Entre tudo aquilo que me causa angústia por falta de entendimento, a expressão “ninguém é insubstituível” é perita em pôr-me em alvoroço. Somos educados para estarmos sempre insatisfeitos, sermos mais ambiciosos, não nos contentarmos com pouco. Para consegui-lo, devemos trazer à tona o que de melhor há nós, numa constante potenciação das valências que nos diferenciam. E, depois de pormos tudo quanto somos no mínimo que fazemos, dizem-nos que somos facilmente substituídos? Não, não acredito nisso.

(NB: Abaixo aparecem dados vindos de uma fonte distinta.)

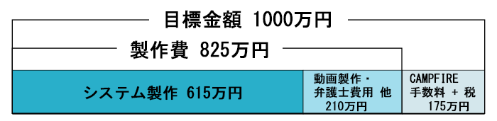 目標額は、製作費にCAMPFIRE手数料を加えて「1000万円」と設定いたしましたが、ご支援金はすべて、サービスを軌道に乗せるために大切に使わせていただきます。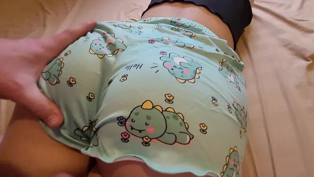 This 18-year-old cute girl with a massive ass wears her pajama shorts as she lets me rub my dick all over her. I slap her ass and make her cum, then rub my cum on her pajama-covered butt.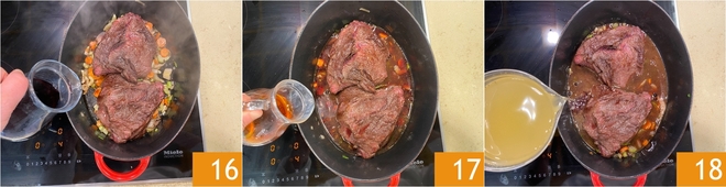 Versez aussi les 250 g restants de Barolo 16, le Marsala 17 et enfin le bouillon de viande chaud 18.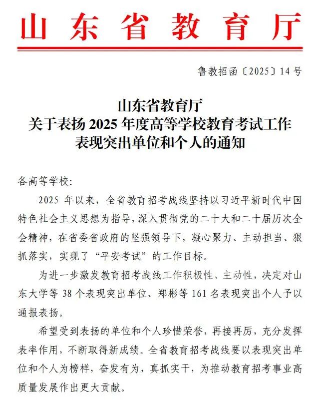 近日,山东省教育厅下发《关于表扬2025年度高等学校教育考试工作表现突出单位和个人的通知》(鲁教招函〔2025〕14号),对在2025年度高等学校教育考试工作中表现突出的单位和个人予以通报表扬。由学院院长李心沁负责的山东特殊教育职业学院团队获得“考试组织工作表现突出单位(团队)”荣誉称号。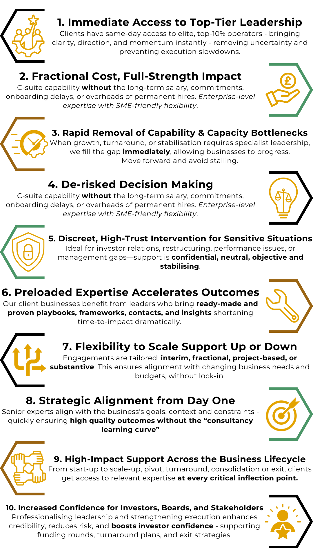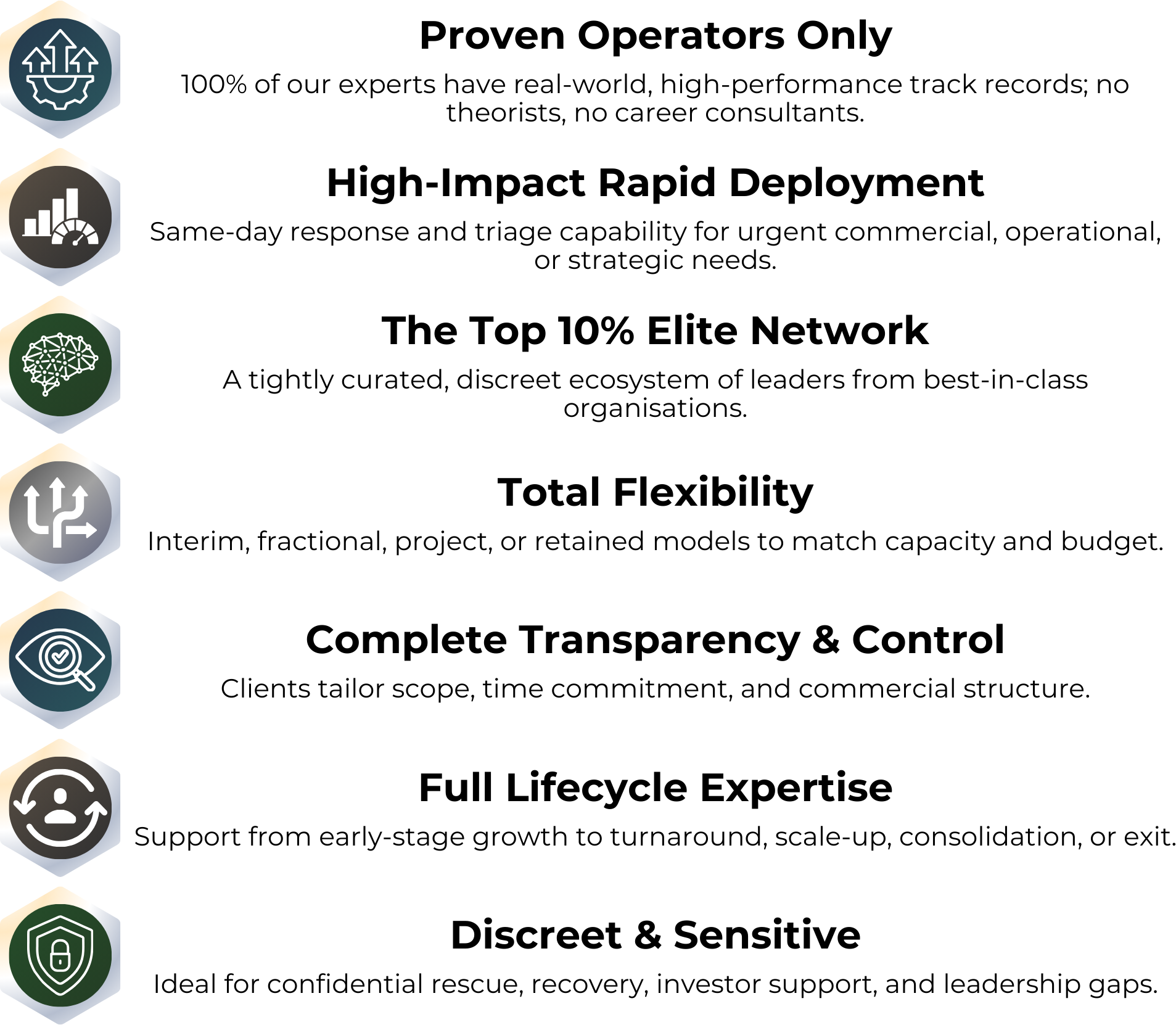 We offer interim, fractional, project-based, retained, short, medium or more embedded engagements across: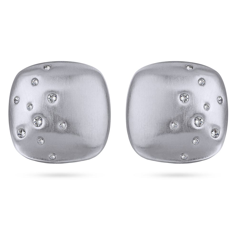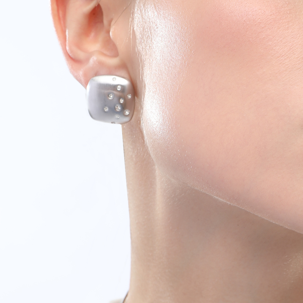 Описание: Изготовлено из ювелирного сплава на основе латуни с гальваническим покрытием сатиновым родием. Изделие украшают кристаллы SW белого цвета. Размер серьги 2х2см.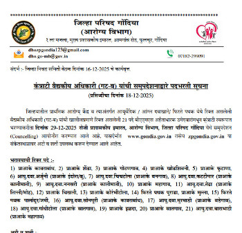 Vacancy for the post of Medical Officer, Zilla Parishad Gondia.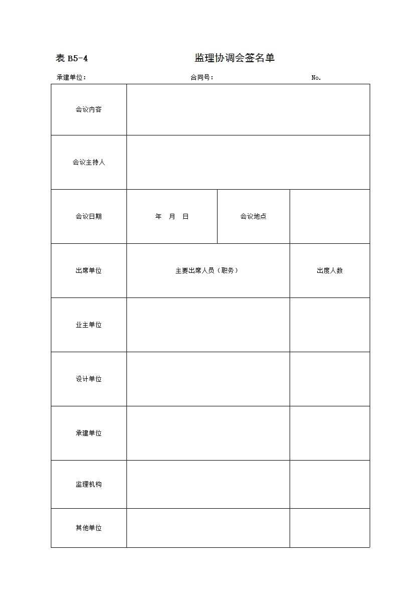 B5-4 监理协调会签名单

Ao longo do nosso percurso, vamos sendo números. Identificam-nos pelo número do cartão de cidadão, pelo número mecanográfico, pelo número de leitor e o nosso trabalho diário é identificado pelo número do contrato. Contudo, não podemos esquecer que tais números são uma mera forma de organização social. Enquanto nos atribuem uma experiência singular no mundo, são incapazes de traduzir tudo aquilo que somos nos mais variados contextos de interação.
O número do cartão de cidadão não indica quantas vezes tivemos preguiça de reciclar nem quantas vidas melhorámos com pequenas ações. Quanto ao número mecanográfico, este não declara se copiámos no exame mais importante da nossa vida académica ou se demos respostas inovadoras às perguntas de sempre. E muito menos os números são capazes de dizer se as boas ações foram um ato de vaidade ou se a criatividade do discurso realmente serviu para alguma coisa.
Estas afirmações podem parecer tolas, mas servem para mostrar que, ao passo que os números de identificação se vão sucedendo, a nossa posição no mundo é descaradamente única. Ou, noutras palavras, só não o vê quem não quer. Coisas tão simples como o som da nossa gargalhada e a forma desajeitada como corremos tornam-nos insubstituíveis. Caso contrário, não falaríamos de “personalidade”, isto é, de uma “individualidade consciente”. E, se assim fosse, de nada nos valeria o esforço diário para nos encontrarmos a nós mesmo. E o trabalho que isso dá!